** The data follows **

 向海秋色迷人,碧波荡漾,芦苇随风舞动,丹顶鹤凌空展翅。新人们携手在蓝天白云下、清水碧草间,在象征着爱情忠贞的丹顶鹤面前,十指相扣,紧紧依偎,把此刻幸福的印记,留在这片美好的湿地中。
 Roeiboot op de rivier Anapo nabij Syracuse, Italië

** End of The data **
** The data follows **

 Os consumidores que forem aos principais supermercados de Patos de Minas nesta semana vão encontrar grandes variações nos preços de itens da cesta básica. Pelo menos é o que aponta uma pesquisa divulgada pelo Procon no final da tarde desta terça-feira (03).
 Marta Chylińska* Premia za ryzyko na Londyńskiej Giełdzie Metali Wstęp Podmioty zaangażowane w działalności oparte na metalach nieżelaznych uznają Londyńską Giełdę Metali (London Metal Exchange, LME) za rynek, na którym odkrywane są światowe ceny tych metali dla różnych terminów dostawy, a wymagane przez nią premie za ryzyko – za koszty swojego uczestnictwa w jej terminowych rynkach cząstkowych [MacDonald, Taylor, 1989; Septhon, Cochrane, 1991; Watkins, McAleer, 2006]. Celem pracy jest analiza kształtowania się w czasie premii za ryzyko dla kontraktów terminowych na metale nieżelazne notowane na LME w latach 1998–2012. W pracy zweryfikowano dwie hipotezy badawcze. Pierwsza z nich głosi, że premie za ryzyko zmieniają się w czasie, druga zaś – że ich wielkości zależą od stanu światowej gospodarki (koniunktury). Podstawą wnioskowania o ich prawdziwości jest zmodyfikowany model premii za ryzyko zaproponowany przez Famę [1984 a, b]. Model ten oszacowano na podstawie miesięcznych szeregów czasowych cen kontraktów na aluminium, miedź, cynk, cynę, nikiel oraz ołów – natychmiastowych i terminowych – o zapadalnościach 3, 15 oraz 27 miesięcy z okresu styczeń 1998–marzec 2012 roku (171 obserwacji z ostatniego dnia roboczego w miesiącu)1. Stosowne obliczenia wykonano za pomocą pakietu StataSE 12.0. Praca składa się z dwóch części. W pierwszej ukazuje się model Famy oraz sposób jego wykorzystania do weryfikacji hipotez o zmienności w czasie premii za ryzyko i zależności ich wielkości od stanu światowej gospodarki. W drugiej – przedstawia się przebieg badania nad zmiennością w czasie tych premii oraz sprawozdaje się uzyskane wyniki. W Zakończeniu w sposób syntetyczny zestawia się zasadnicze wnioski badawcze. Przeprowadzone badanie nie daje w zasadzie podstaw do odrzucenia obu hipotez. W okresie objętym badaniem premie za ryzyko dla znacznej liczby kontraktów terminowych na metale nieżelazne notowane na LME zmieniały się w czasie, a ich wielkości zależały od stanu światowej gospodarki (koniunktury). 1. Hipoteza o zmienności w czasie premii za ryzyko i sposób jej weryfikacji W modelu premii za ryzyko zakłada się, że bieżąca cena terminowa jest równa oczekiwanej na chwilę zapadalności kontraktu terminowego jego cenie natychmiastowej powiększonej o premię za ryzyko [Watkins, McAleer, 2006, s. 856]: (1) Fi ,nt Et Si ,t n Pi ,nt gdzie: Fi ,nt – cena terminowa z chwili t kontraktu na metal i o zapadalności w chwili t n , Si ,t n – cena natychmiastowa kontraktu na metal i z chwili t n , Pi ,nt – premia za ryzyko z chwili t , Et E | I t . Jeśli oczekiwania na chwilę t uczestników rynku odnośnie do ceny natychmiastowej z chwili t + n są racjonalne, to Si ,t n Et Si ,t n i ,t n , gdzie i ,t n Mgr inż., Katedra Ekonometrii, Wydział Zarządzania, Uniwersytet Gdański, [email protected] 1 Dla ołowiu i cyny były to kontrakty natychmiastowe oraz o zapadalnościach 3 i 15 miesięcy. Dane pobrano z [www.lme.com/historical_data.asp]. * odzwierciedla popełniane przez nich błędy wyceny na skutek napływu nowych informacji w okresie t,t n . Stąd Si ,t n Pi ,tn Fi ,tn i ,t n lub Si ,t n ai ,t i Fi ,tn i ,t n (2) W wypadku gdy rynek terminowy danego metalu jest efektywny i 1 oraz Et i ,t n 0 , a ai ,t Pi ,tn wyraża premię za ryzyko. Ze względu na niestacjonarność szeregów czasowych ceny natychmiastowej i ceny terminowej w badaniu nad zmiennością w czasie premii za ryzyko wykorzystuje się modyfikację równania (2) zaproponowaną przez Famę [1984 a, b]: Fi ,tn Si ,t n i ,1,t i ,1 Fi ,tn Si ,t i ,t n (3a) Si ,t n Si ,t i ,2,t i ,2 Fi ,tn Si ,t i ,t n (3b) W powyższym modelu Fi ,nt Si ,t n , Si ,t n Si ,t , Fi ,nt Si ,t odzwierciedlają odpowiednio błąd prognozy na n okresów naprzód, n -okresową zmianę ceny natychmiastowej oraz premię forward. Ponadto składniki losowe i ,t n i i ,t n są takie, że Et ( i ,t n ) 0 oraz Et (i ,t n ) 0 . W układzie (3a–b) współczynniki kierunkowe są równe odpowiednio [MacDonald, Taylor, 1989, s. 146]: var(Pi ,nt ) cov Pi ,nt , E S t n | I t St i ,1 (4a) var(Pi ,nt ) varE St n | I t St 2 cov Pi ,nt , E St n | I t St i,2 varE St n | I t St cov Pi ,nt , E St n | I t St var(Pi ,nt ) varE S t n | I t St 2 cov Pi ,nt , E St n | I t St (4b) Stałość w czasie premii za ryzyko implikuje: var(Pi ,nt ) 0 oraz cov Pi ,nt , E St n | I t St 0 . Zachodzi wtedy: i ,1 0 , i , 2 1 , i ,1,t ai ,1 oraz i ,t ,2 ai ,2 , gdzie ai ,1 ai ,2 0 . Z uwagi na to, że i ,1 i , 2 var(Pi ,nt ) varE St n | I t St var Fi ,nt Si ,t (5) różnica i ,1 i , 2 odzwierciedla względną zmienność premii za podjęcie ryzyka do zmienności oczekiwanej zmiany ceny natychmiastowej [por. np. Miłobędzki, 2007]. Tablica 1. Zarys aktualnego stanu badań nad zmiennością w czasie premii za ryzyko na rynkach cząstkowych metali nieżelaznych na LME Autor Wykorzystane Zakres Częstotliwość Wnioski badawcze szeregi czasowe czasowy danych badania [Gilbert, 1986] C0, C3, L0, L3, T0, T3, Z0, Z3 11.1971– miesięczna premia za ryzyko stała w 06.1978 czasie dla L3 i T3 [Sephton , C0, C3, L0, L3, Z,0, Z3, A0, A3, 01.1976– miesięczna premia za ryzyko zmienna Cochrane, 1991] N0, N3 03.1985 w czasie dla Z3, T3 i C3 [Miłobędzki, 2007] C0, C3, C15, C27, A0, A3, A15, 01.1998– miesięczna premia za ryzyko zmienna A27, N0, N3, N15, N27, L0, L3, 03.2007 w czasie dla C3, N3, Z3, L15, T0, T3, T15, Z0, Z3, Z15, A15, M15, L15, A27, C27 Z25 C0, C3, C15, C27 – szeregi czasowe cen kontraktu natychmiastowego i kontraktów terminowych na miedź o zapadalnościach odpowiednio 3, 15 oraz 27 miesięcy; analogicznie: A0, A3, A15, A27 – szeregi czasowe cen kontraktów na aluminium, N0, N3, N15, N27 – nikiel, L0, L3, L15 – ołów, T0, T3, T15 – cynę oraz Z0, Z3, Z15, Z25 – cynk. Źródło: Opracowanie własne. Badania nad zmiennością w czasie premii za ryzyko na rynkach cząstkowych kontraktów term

** End of The data **
** The data follows **

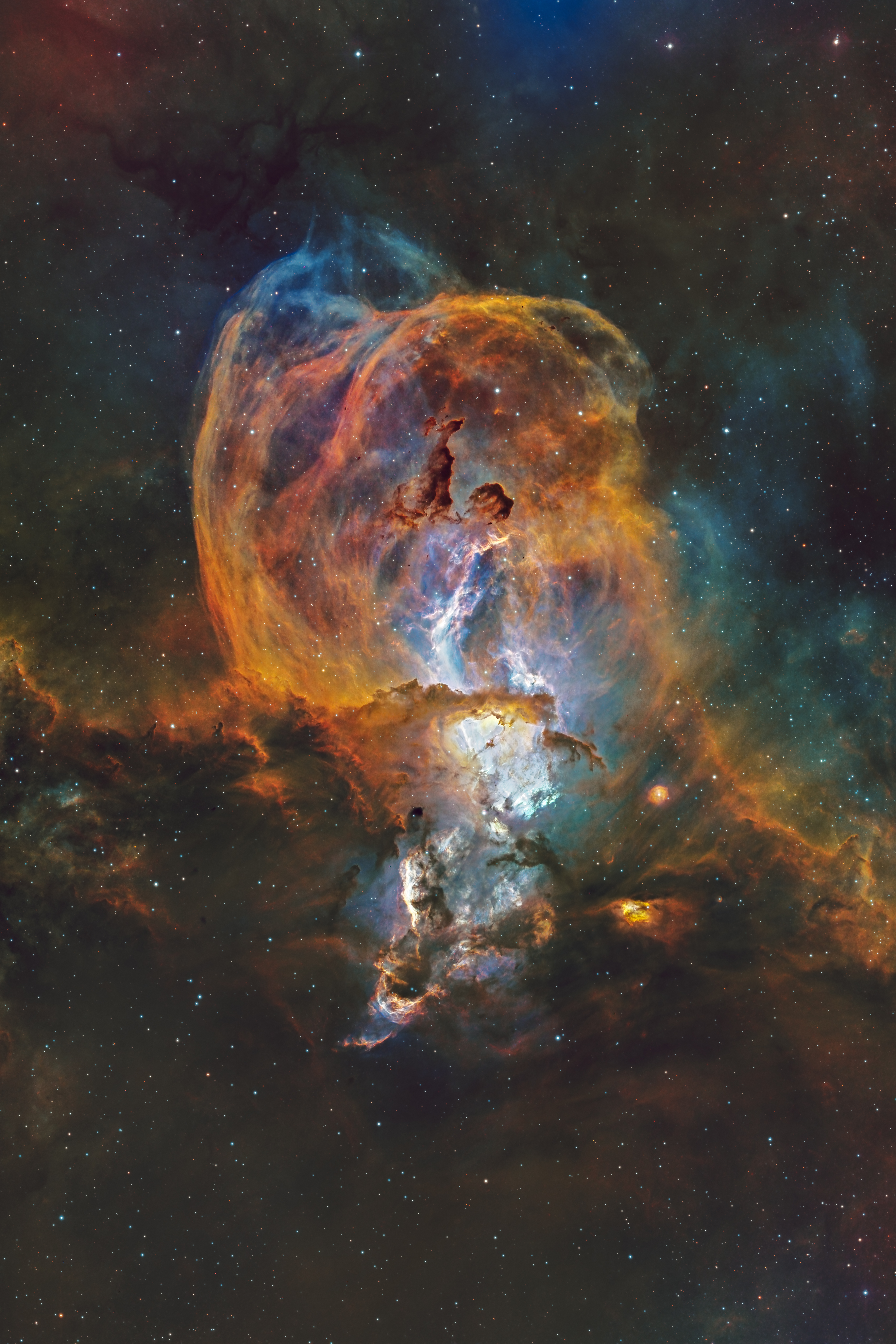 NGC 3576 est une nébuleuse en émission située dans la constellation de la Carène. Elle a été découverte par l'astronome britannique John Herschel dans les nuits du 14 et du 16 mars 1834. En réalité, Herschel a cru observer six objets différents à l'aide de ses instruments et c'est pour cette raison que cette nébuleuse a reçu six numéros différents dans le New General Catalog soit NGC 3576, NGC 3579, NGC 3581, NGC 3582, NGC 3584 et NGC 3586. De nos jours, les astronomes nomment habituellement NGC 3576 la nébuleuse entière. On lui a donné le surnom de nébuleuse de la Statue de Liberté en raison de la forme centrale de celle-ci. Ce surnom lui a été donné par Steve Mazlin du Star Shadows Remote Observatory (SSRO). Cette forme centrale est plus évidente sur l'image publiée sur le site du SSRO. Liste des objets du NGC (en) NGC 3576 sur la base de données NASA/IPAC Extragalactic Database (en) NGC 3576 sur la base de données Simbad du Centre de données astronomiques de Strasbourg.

** End of The data **

▸ Exercise:
The line above containing "向海秋色迷人,碧波荡漾,芦苇", the line containing "Roeiboot op de", and every line between them are to be transcribed exactly; no other line is wanted.

▸ Solved exercise:
 向海秋色迷人,碧波荡漾,芦苇随风舞动,丹顶鹤凌空展翅。新人们携手在蓝天白云下、清水碧草间,在象征着爱情忠贞的丹顶鹤面前,十指相扣,紧紧依偎,把此刻幸福的印记,留在这片美好的湿地中。
 Roeiboot op de rivier Anapo nabij Syracuse, Italië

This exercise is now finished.